Hence, our aim was to investigate whether skeletal muscle mass, when divided into subranges of low- or high-radiodensity, improves the prediction of short-term survival in patients with endometrial cancer (EC) when compared with the average muscle attenuation and the standard skeletal muscle radiodensity used for sarcopenia diagnosis. Additionally, we proposed 4 skeletal muscle phenotypes to assess which one is the best predictor of 1-year mortality in this group.
Methods
This retrospective cohort study included all new patients referred to a cancer treatment institute in Brazil from October 1, 2008, to December 31, 2014, who had a confirmed diagnosis of EC and had CT scans taken up to 30 days before treatment. Women previously diagnosed with another type of cancer or those with synchronous tumors were excluded from the study, as were those whose lack of CT scans due to hardware artifact or image quality. This study was approved by the Ethics and Research Committee of the Brazilian National Cancer Institute (466.070/2013).
A total of 1,383 women with suspected EC were registered during the study period, of which 1,039 were excluded because they did not have CT scans performed before treatment. Case records of the remaining 344 women who had abdominal and pelvic CT scans before treatment were analyzed retrospectively, resulting in the exclusion of 59 patients because they had already undergone treatment outside the study institution, 14 due to a prior history of cancer or synchronous tumor, and 4 who had no histopathologic report defining the tumor location. After evaluating the CT scans of the remaining 267 women, an additional 59 were excluded due to scan quality (eg, hardware artifact or image quality). This cohort study was thus based on the final 208 patients.
Sociodemographic data and clinical information related to their treatment were collected in the electronic and physical case records, including age, ethnic group, reported comorbidities, histologic type and staging of cancer, type of treatment performed, and 1-year survival. Staging was performed based on the International Federation of Gynecology and Obstetrics (FIGO) characteristic for EC.17
Body composition analysis was performed using CT scans of the patients' abdomen and pelvis available up to 30 days before treatment initiation. Slices located at the third lumbar vertebra (L3) were analyzed by a trained observer with the aid of the sliceOmatic software program 5.0 (TomoVision, Magog, Canada), which enables specific demarcation of skeletal muscle, expressed in HU. Skeletal muscle index (SMI; cm2/m2) was quantified using the reference radiation attenuation ranging from −29 to +150 HU11 and, after normalization by the square of the stature, represented the overall area of skeletal muscle obtained by the L3 scan.
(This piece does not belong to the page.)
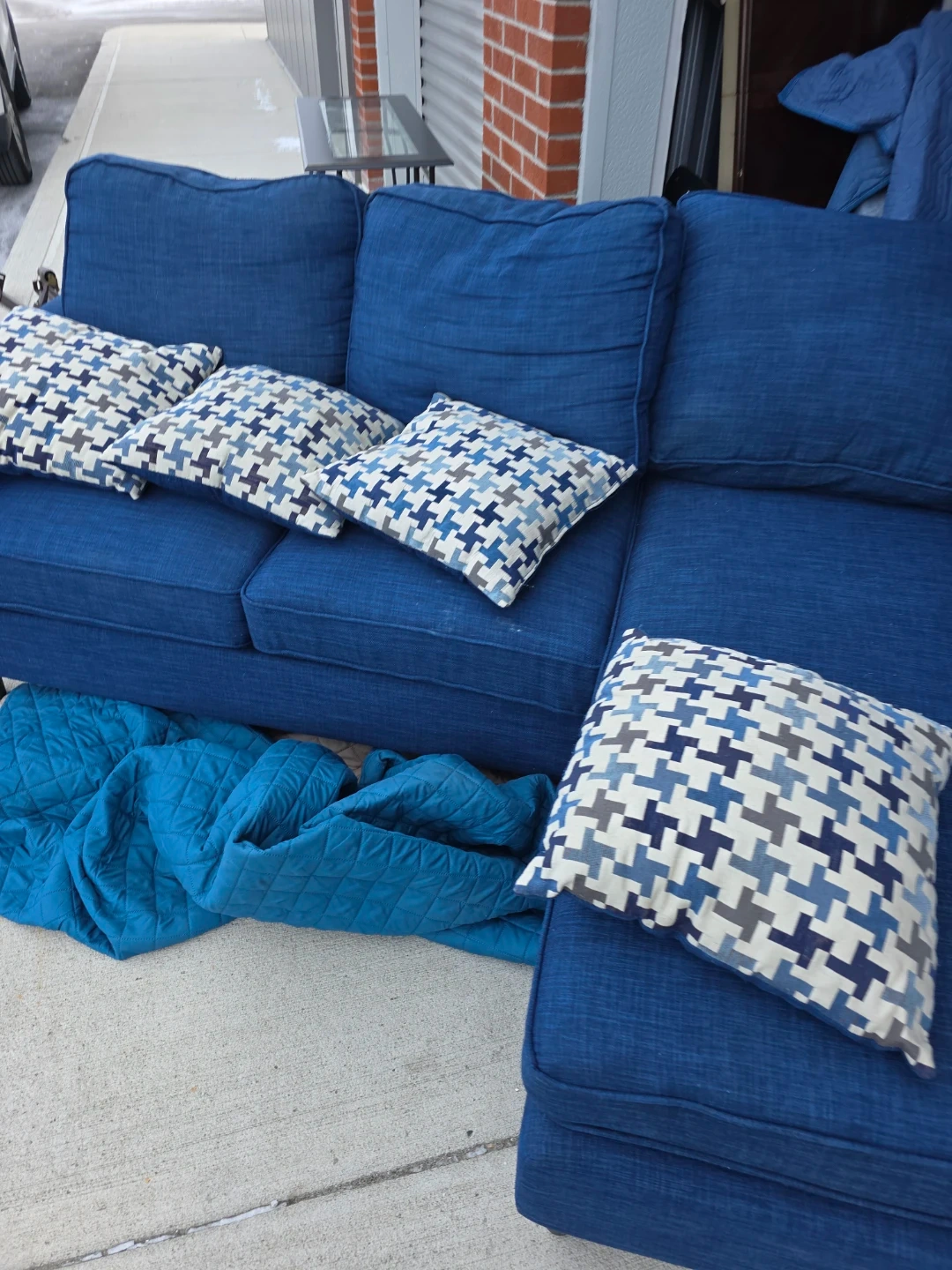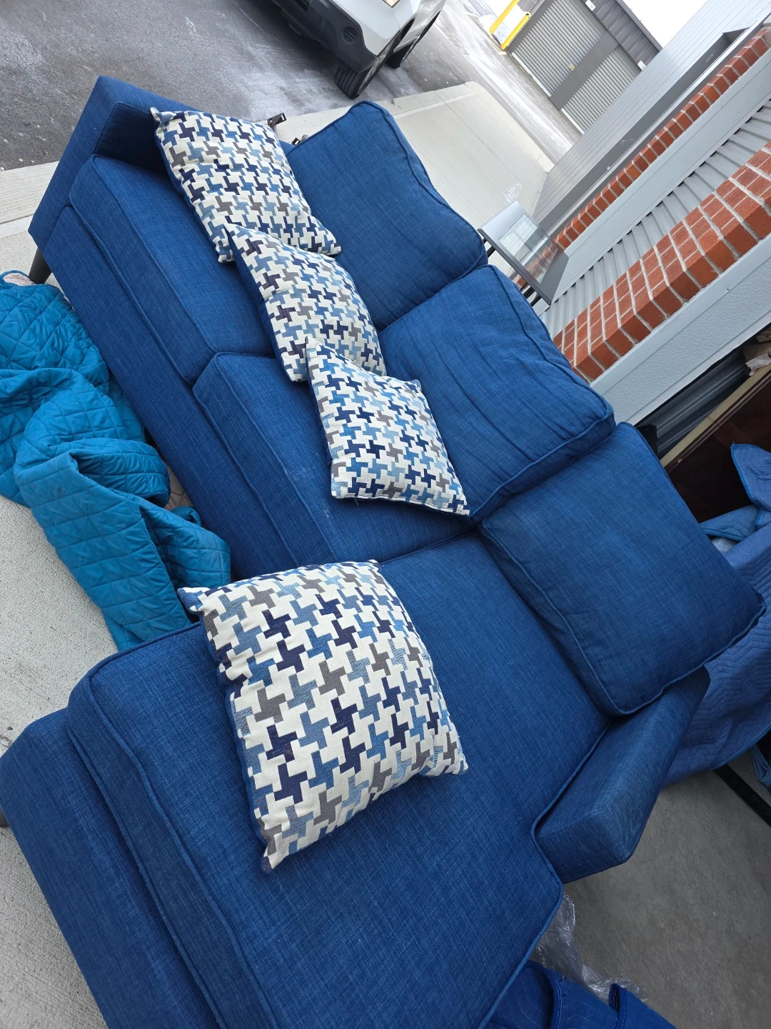 Selling a comfy blue sectional sofa that's in great shape! It comes with the pillows pictured. Perfect for a living room or den just been wrapped in storage

The overall skeletal muscle range was then divided into 2 subranges: the area of skeletal muscle in the range −29 to +29 HU was denominated as low-radiodensity SMI (LRSMI; cm2/m2), and the area in the range +30 to +150 HU was denominated as high-radiodensity SMI (HRSMI), representing the cross-sectional muscle area with low and high attenuation, respectively.
It was thus possible to appraise skeletal muscle tissue according to several different aspects, namely (1) the standard SMI, classically used in the literature for diagnosis of sarcopenia, which comprises the overall skeletal muscle attenuation; (2) the skeletal muscle area with lower attenuation and presumably increased intramyocellular triglycerides (LRSMI); and (3) the skeletal muscle area with higher attenuation (HRSMI).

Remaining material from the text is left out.